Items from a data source
━━━━━━━━━━━━━━━━

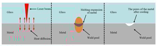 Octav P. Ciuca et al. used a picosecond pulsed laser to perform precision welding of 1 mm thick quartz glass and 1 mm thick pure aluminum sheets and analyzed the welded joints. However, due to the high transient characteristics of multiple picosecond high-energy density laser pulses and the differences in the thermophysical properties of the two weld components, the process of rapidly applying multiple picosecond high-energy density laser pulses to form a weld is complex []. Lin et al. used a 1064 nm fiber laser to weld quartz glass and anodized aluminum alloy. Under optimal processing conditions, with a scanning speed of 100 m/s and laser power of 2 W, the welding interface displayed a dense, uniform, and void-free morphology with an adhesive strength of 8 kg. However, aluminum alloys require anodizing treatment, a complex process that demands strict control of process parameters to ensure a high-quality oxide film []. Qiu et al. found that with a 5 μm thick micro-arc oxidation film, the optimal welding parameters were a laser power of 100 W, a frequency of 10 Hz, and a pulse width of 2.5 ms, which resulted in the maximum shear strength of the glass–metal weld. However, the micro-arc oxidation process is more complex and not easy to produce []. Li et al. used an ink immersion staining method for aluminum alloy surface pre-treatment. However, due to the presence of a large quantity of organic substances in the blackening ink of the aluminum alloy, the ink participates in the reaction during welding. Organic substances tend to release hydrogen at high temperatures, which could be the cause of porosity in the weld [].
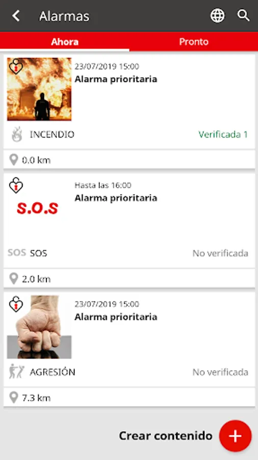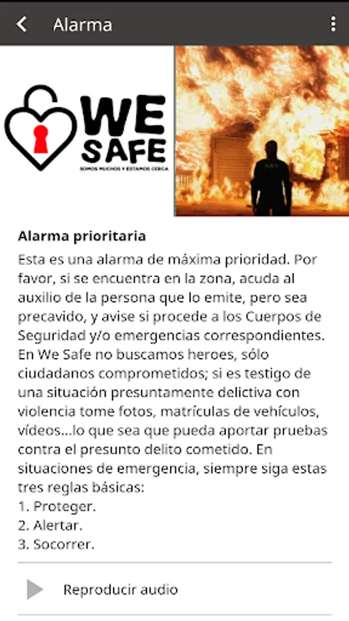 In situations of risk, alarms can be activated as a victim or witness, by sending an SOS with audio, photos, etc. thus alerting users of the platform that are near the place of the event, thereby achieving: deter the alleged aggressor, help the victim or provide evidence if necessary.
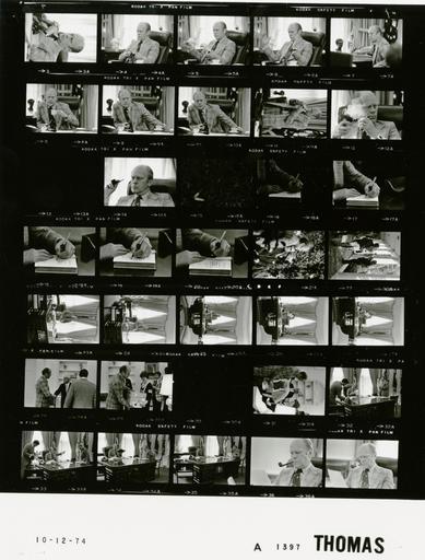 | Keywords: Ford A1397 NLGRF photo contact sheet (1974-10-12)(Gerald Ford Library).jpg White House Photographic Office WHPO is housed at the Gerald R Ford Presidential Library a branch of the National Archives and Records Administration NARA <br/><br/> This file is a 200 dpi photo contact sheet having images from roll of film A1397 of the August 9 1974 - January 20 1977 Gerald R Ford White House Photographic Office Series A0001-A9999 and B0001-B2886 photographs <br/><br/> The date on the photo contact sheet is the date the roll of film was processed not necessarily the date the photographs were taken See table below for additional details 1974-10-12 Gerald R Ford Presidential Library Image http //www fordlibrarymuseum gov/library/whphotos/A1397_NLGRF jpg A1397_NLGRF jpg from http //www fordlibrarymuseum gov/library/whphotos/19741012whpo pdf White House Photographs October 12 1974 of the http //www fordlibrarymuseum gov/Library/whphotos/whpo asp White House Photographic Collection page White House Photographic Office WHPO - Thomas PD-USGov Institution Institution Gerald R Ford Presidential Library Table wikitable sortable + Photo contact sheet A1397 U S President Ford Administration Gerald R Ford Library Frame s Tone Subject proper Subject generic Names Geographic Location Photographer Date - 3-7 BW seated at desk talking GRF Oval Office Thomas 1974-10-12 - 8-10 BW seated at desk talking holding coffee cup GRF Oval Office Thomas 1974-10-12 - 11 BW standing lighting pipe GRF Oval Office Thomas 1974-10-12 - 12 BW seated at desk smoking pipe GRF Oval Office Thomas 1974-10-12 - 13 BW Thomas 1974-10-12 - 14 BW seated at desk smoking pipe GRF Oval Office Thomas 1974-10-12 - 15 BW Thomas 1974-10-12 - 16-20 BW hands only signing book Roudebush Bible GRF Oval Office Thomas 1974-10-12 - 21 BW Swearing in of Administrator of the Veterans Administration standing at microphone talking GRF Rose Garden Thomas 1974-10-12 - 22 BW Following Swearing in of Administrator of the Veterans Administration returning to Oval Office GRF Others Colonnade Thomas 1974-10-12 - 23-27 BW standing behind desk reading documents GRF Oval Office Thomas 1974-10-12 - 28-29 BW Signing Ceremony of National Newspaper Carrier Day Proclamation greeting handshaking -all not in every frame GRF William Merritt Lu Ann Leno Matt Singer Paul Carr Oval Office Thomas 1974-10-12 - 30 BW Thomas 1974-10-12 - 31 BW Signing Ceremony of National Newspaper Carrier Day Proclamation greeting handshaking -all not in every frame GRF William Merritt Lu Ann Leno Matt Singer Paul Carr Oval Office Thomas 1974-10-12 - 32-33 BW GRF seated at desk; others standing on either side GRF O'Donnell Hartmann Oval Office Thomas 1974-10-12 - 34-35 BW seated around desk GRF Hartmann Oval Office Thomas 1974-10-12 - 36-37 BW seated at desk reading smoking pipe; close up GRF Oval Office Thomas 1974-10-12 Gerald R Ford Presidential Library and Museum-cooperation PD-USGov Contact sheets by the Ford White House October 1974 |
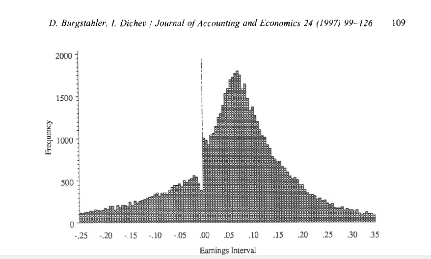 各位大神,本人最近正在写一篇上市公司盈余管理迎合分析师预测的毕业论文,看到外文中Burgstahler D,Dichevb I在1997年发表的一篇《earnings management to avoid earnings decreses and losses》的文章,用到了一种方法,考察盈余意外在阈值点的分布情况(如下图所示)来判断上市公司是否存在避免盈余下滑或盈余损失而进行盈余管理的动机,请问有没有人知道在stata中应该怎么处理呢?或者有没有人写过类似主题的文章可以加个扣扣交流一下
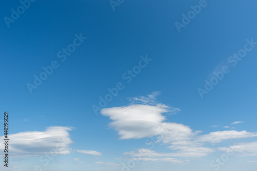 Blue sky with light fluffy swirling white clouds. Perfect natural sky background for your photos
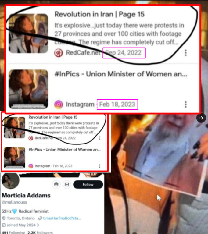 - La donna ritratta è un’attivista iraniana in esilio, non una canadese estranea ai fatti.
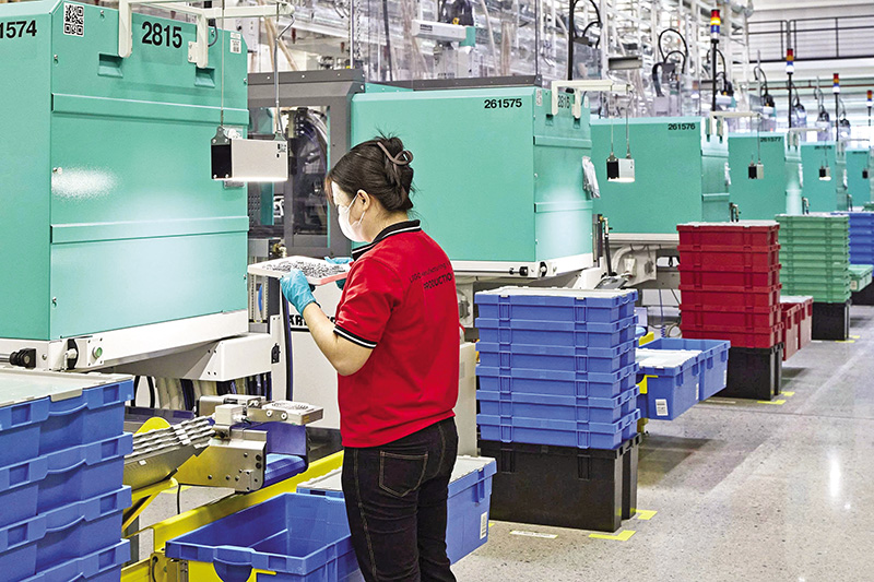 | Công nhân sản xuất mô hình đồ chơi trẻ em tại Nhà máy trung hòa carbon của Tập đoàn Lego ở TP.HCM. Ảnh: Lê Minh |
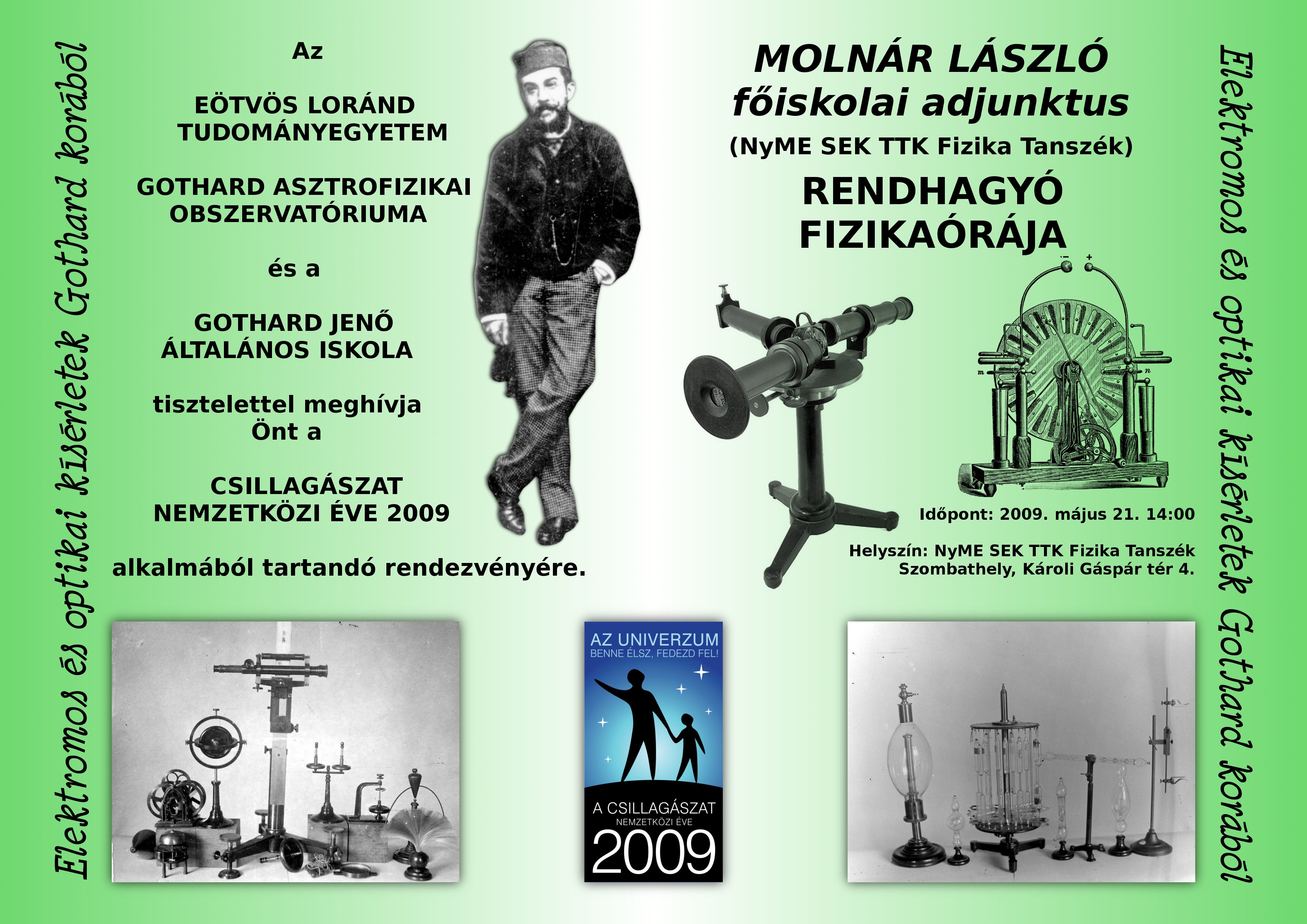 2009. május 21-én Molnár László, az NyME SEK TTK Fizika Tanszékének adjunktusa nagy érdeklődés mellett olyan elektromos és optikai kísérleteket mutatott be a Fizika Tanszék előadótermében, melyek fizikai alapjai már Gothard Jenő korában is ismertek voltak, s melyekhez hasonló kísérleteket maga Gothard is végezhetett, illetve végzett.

━━━━━━━━━━━━━━━━

▸ **What to produce**
Each line from the one that holds "D,Dichevb I在1997年发表的一篇《earnings management" through the final line of the data must be retyped exactly; the pictures must not appear.

▸ **Response box**
 各位大神,本人最近正在写一篇上市公司盈余管理迎合分析师预测的毕业论文,看到外文中Burgstahler D,Dichevb I在1997年发表的一篇《earnings management to avoid earnings decreses and losses》的文章,用到了一种方法,考察盈余意外在阈值点的分布情况(如下图所示)来判断上市公司是否存在避免盈余下滑或盈余损失而进行盈余管理的动机,请问有没有人知道在stata中应该怎么处理呢?或者有没有人写过类似主题的文章可以加个扣扣交流一下
 Blue sky with light fluffy swirling white clouds. Perfect natural sky background for your photos
 - La donna ritratta è un’attivista iraniana in esilio, non una canadese estranea ai fatti.
 | Công nhân sản xuất mô hình đồ chơi trẻ em tại Nhà máy trung hòa carbon của Tập đoàn Lego ở TP.HCM. Ảnh: Lê Minh |
 2009. május 21-én Molnár László, az NyME SEK TTK Fizika Tanszékének adjunktusa nagy érdeklődés mellett olyan elektromos és optikai kísérleteket mutatott be a Fizika Tanszék előadótermében, melyek fizikai alapjai már Gothard Jenő korában is ismertek voltak, s melyekhez hasonló kísérleteket maga Gothard is végezhetett, illetve végzett.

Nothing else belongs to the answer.